## TO DO
Retype the material that follows exactly, limited to the lines from the one with "三 层:卧室(附衣帽间、阳台)、2卧室、卫生间、露台" through the one with "フェイスタオル(約340×8", and keep out all pictures.

## RECORDS TO PROCESS

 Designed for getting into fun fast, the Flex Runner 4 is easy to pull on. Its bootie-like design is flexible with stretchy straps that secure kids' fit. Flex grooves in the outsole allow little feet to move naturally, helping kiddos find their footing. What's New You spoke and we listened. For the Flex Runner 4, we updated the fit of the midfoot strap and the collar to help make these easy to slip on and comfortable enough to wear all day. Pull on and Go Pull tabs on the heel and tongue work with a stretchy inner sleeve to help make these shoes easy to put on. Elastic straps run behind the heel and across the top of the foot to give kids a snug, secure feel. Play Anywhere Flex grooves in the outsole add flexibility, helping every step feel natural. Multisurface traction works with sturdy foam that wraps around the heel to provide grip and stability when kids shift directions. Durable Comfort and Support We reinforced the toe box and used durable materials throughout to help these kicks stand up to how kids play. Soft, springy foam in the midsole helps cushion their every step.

* * *

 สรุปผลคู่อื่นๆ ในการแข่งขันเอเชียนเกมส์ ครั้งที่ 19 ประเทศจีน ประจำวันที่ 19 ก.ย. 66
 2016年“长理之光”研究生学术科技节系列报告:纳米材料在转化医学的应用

==

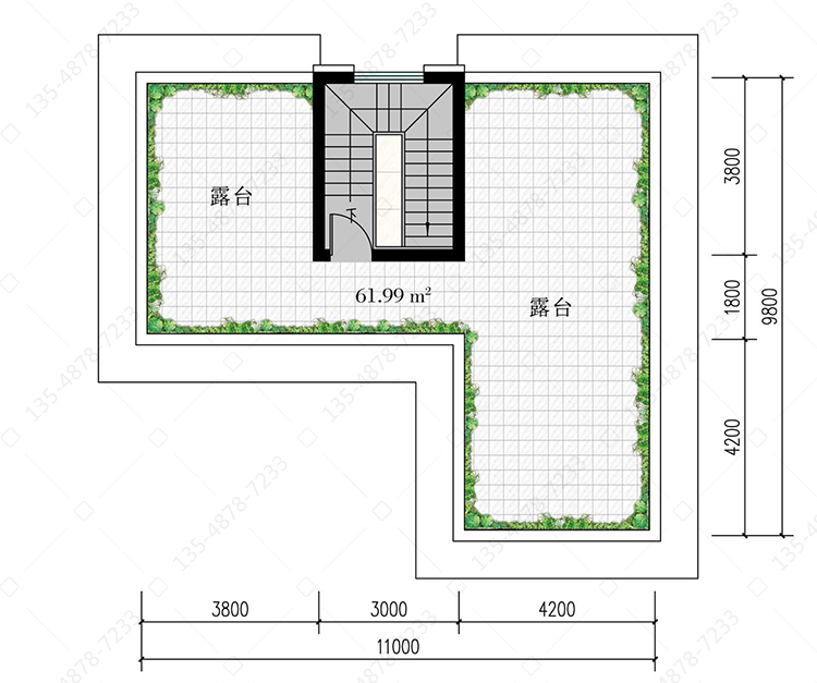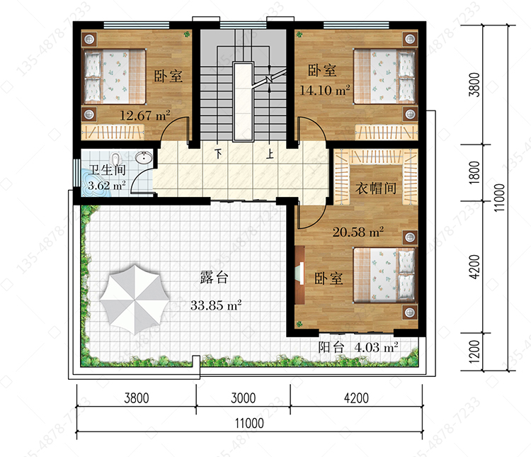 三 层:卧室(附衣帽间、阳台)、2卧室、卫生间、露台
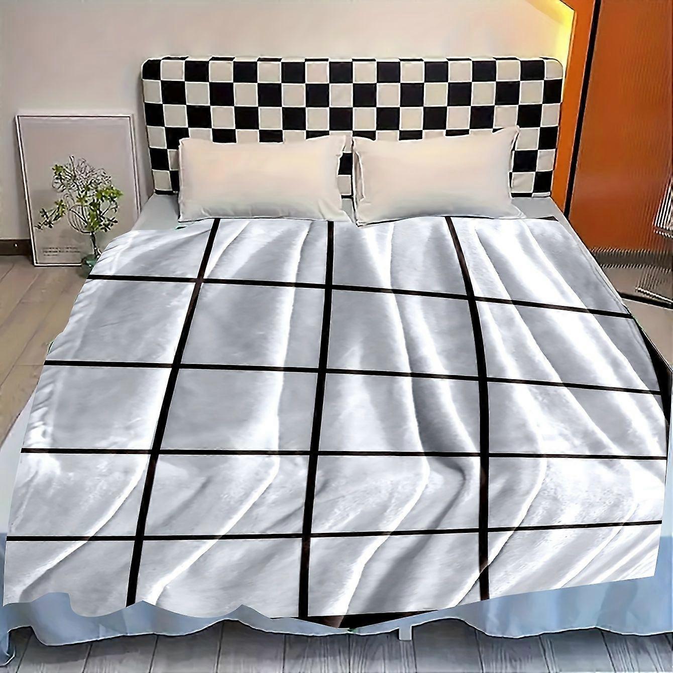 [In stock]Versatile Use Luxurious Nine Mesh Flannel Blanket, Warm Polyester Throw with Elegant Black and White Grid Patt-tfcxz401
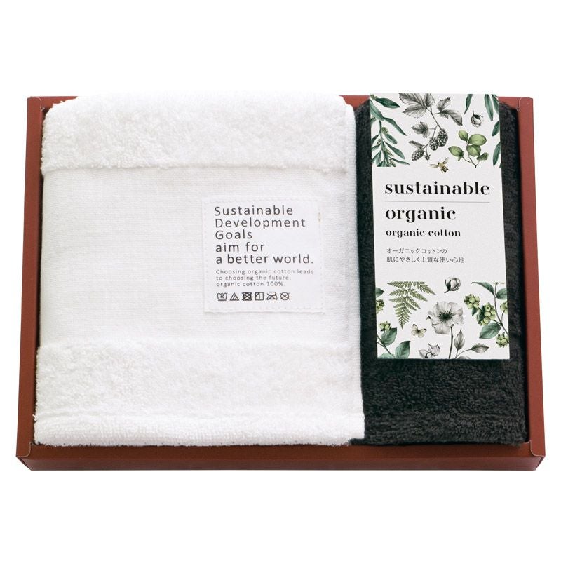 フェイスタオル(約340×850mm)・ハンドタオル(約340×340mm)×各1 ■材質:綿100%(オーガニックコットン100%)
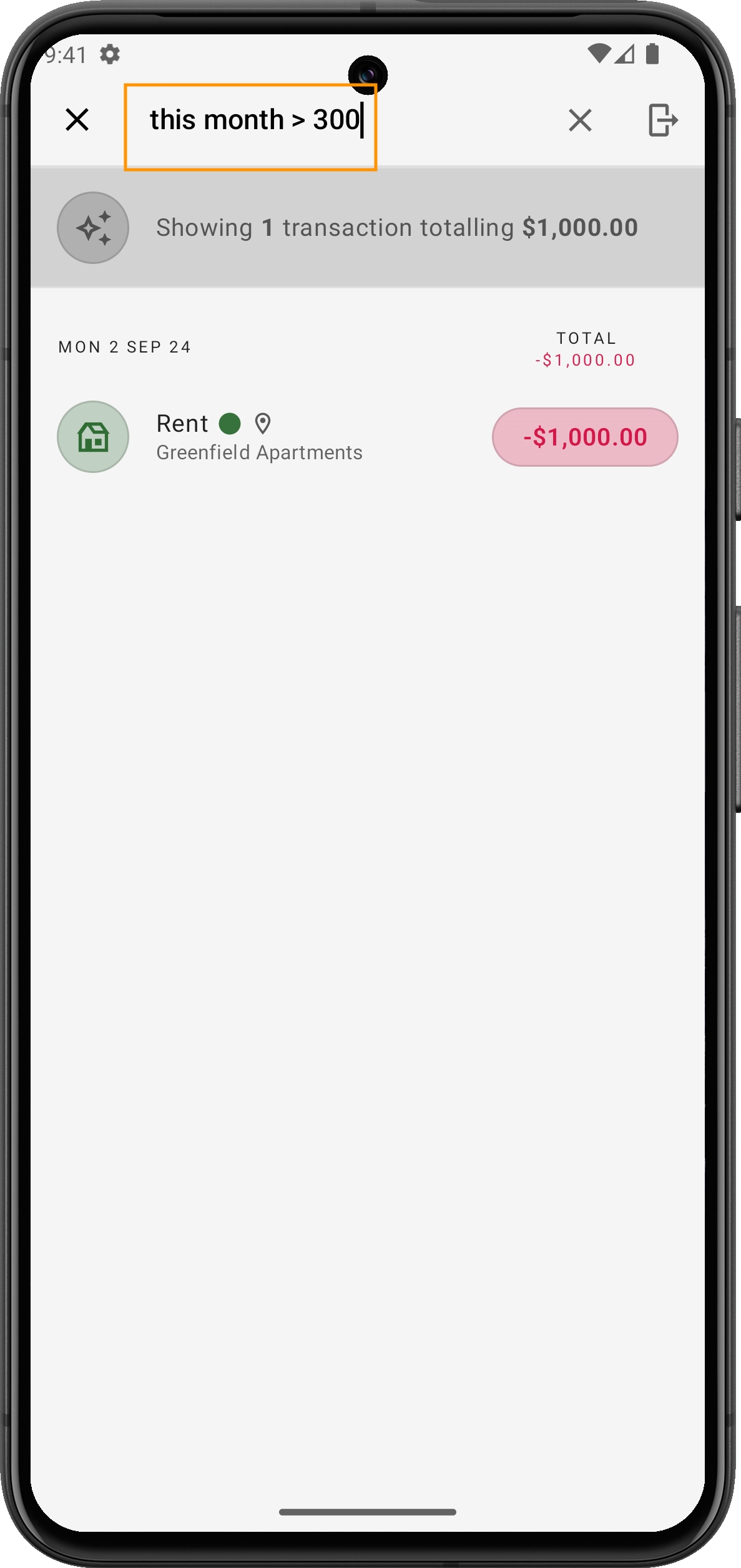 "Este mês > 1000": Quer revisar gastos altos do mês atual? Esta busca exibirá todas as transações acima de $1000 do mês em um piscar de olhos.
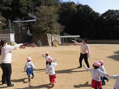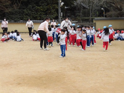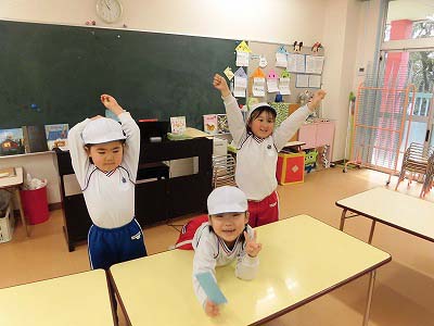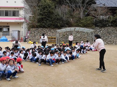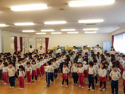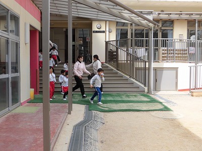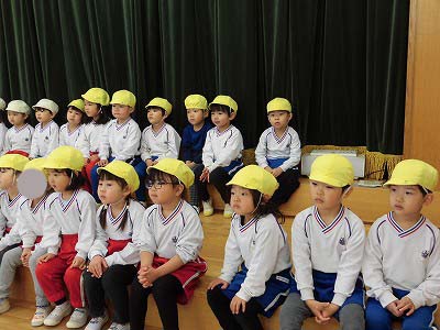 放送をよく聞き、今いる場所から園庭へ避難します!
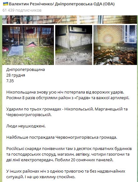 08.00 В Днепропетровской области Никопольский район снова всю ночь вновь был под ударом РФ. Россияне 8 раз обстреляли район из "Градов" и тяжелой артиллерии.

## EXERCISE SOLUTION
 三 层:卧室(附衣帽间、阳台)、2卧室、卫生间、露台
 [In stock]Versatile Use Luxurious Nine Mesh Flannel Blanket, Warm Polyester Throw with Elegant Black and White Grid Patt-tfcxz401
 フェイスタオル(約340×850mm)・ハンドタオル(約340×340mm)×各1 ■材質:綿100%(オーガニックコットン100%)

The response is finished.